• [Problem statement]
Without copying any picture, return all lines below exactly.

• [Data below]
****************
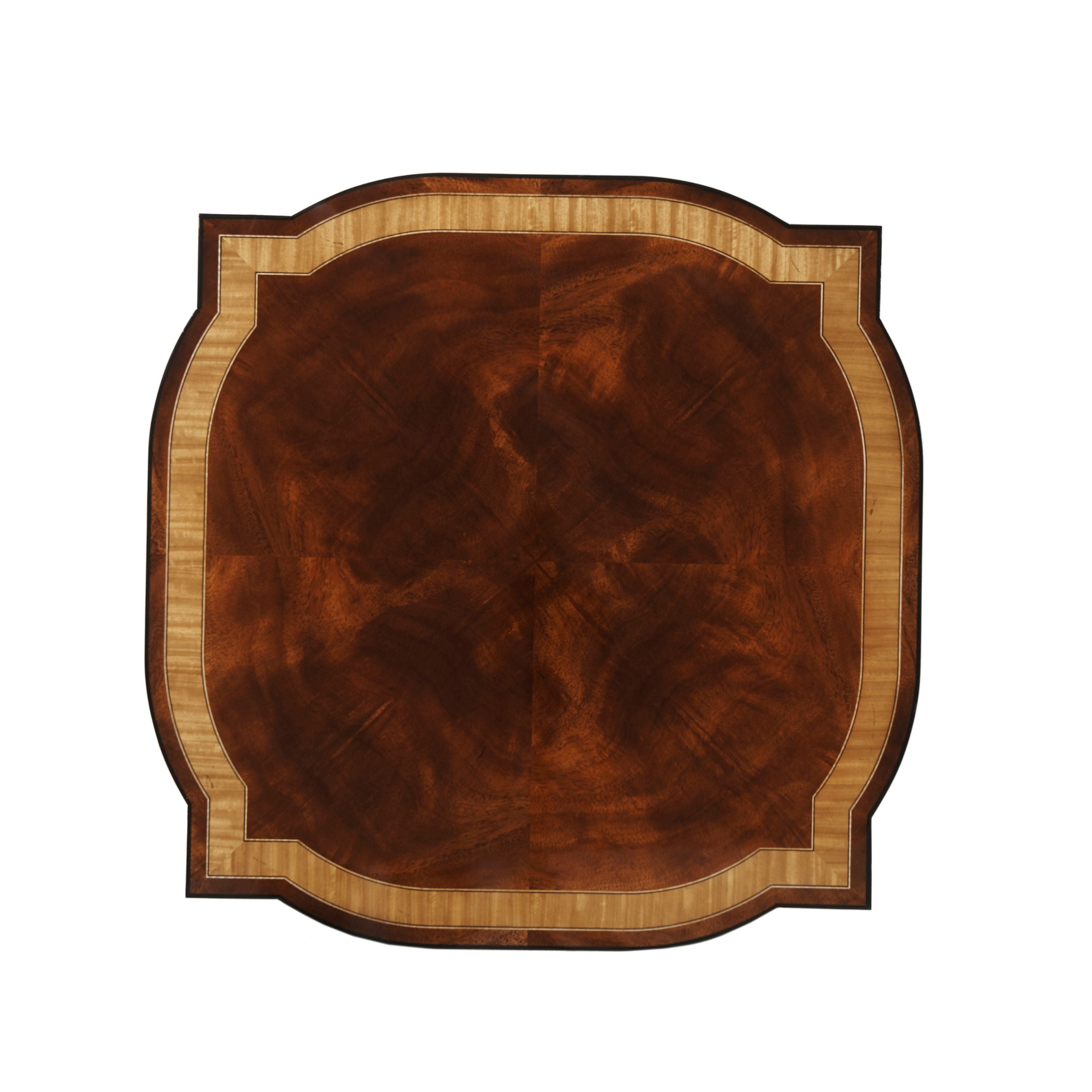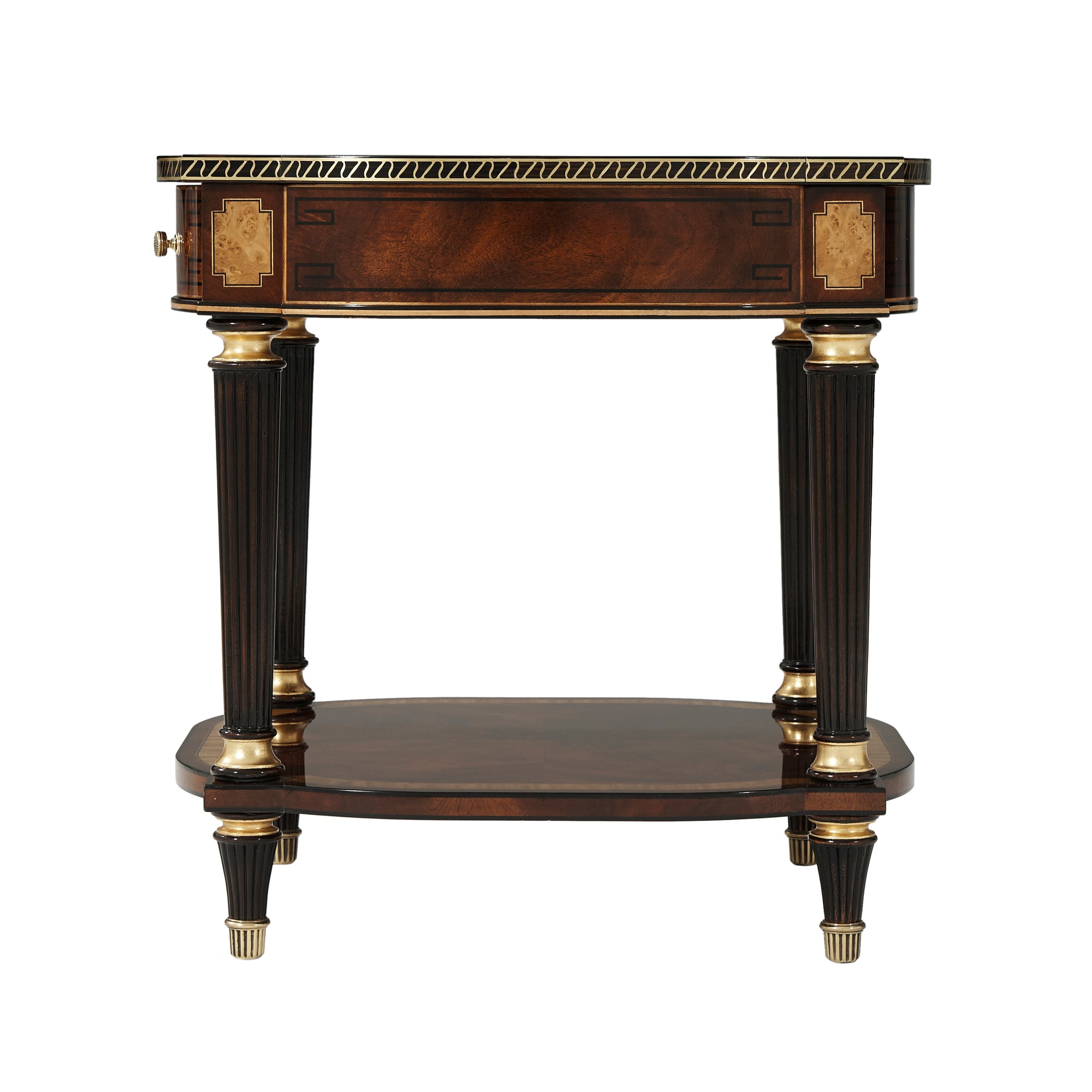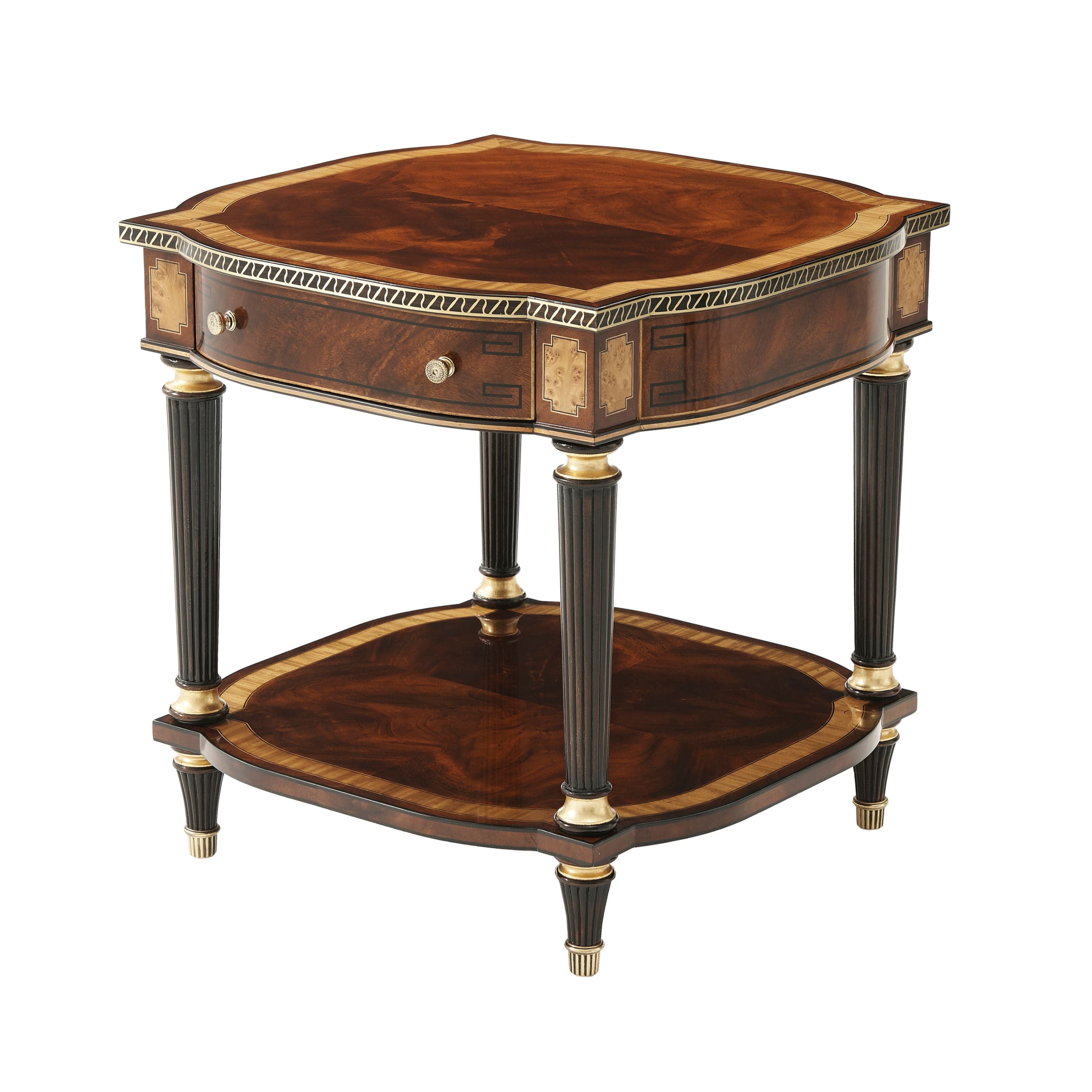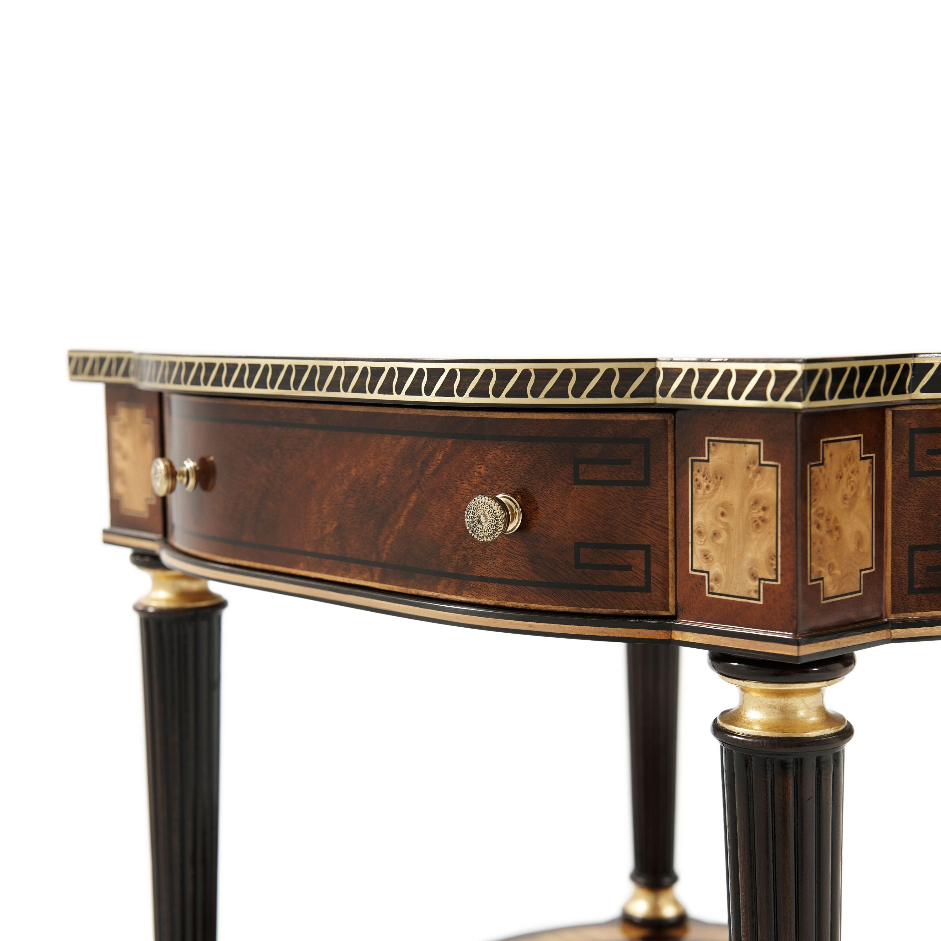 طاولة مميزة مصنوعة من خشب الماهوجني المكسو بخشب الساتان، وجوانبها الأمامية المقوسة ذات حافة مطعمة بالنحاس فوق درج إفريز وألواح زاوية مكسوة بقشرة من خشب الطقسوس، على دعامات مضلعة متصلة بطبقة سفلية من خشب الماهوجني المكسو بخشب الساتان، على أقدام خشبية مزخرفة بأغطية نحاسية.
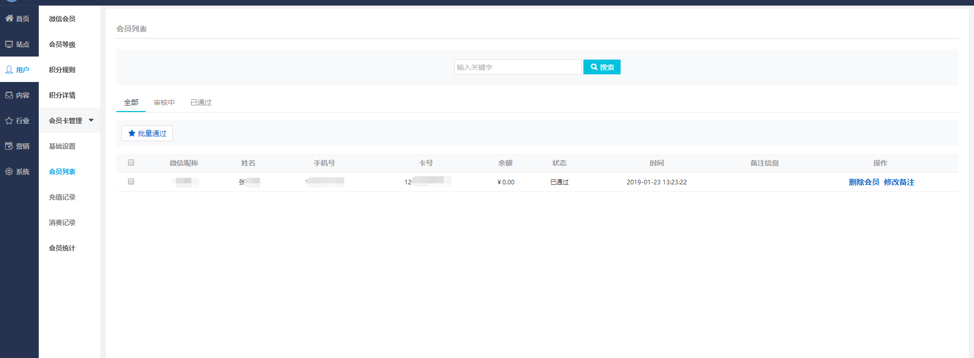 ### 会员列表 会员列表可以查看会员用户,可以批量审核通过会员,可以通过关键字搜索,也可以修改会员的备注信息。
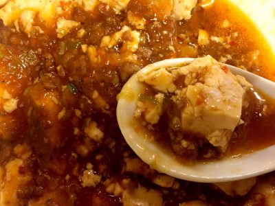 辛さとしては山椒を感じピリッと辛さを感じますが断然、麻婆豆腐のうま味の方が勝っています。また、一口、また一口・・・と口に運びたくなる麻婆豆腐。
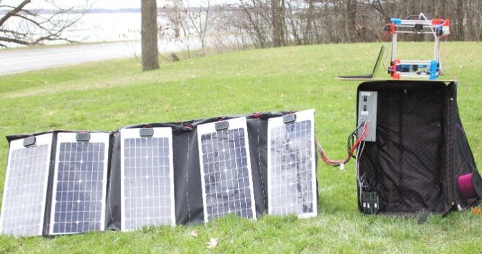 This 3D printer can run for 35 hours on a single charge continuously due to the large panels and batteries.
****************
• [Solution for this task]
 طاولة مميزة مصنوعة من خشب الماهوجني المكسو بخشب الساتان، وجوانبها الأمامية المقوسة ذات حافة مطعمة بالنحاس فوق درج إفريز وألواح زاوية مكسوة بقشرة من خشب الطقسوس، على دعامات مضلعة متصلة بطبقة سفلية من خشب الماهوجني المكسو بخشب الساتان، على أقدام خشبية مزخرفة بأغطية نحاسية.
 ### 会员列表 会员列表可以查看会员用户,可以批量审核通过会员,可以通过关键字搜索,也可以修改会员的备注信息。
 辛さとしては山椒を感じピリッと辛さを感じますが断然、麻婆豆腐のうま味の方が勝っています。また、一口、また一口・・・と口に運びたくなる麻婆豆腐。
 This 3D printer can run for 35 hours on a single charge continuously due to the large panels and batteries.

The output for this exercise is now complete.